### WORK ITEM:
Please output, without any change, the lines of the material below from the very first through the one with "商品名称:玛奇朵 2023新款色织双层皱纱-韩系条纹四件套 韩系条纹-青提绿".

### SOURCE DATA:

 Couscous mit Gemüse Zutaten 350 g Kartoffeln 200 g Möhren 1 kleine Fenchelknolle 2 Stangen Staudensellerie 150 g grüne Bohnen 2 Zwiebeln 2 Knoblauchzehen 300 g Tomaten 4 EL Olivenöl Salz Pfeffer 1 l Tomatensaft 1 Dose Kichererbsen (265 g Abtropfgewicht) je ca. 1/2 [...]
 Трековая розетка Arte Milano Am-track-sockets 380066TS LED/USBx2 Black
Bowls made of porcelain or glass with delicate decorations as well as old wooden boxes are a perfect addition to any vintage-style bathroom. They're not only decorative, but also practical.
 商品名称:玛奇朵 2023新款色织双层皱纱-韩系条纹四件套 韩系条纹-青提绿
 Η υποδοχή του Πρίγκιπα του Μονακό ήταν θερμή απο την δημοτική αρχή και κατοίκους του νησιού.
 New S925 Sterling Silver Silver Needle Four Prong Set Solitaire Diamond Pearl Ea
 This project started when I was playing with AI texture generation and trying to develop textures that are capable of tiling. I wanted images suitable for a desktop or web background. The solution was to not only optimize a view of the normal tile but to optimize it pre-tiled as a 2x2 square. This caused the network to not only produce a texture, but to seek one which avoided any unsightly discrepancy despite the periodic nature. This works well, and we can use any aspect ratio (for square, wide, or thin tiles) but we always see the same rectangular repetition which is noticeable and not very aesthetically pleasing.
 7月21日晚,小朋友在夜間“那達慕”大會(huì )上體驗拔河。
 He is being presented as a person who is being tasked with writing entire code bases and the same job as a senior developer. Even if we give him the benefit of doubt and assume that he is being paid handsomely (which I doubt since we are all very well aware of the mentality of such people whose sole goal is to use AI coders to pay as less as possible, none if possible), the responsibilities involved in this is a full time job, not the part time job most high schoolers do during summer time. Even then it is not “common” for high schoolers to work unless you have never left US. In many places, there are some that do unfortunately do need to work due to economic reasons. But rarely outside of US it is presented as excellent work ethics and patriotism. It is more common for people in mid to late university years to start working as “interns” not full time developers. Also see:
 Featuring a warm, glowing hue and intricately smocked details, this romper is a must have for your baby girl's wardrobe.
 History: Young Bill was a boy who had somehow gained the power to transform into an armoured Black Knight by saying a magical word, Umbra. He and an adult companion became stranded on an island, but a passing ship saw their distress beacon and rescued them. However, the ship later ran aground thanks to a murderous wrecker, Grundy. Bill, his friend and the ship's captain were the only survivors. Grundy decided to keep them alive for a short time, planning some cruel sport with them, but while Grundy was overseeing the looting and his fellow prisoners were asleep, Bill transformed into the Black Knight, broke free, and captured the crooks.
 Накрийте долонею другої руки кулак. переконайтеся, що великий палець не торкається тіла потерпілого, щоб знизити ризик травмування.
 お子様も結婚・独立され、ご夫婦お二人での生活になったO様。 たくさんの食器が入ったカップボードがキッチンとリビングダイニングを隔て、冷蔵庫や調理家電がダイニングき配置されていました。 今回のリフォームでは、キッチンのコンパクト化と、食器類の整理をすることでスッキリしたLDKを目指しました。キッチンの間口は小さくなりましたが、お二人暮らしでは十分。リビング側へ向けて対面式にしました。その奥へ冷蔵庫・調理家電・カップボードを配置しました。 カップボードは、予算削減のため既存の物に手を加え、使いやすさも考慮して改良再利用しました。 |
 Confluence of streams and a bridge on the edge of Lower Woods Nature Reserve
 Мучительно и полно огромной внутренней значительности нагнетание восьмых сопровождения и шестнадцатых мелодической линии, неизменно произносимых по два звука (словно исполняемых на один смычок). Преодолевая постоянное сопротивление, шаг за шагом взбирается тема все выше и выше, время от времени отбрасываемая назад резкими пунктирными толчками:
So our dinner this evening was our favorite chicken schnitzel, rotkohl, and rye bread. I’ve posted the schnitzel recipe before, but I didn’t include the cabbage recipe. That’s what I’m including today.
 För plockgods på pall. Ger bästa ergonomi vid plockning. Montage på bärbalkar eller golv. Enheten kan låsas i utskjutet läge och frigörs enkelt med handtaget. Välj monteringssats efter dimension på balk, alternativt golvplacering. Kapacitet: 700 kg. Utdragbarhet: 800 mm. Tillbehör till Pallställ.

### EXERCISE RESPONSE:
 Couscous mit Gemüse Zutaten 350 g Kartoffeln 200 g Möhren 1 kleine Fenchelknolle 2 Stangen Staudensellerie 150 g grüne Bohnen 2 Zwiebeln 2 Knoblauchzehen 300 g Tomaten 4 EL Olivenöl Salz Pfeffer 1 l Tomatensaft 1 Dose Kichererbsen (265 g Abtropfgewicht) je ca. 1/2 [...]
 Трековая розетка Arte Milano Am-track-sockets 380066TS LED/USBx2 Black
Bowls made of porcelain or glass with delicate decorations as well as old wooden boxes are a perfect addition to any vintage-style bathroom. They're not only decorative, but also practical.
 商品名称:玛奇朵 2023新款色织双层皱纱-韩系条纹四件套 韩系条纹-青提绿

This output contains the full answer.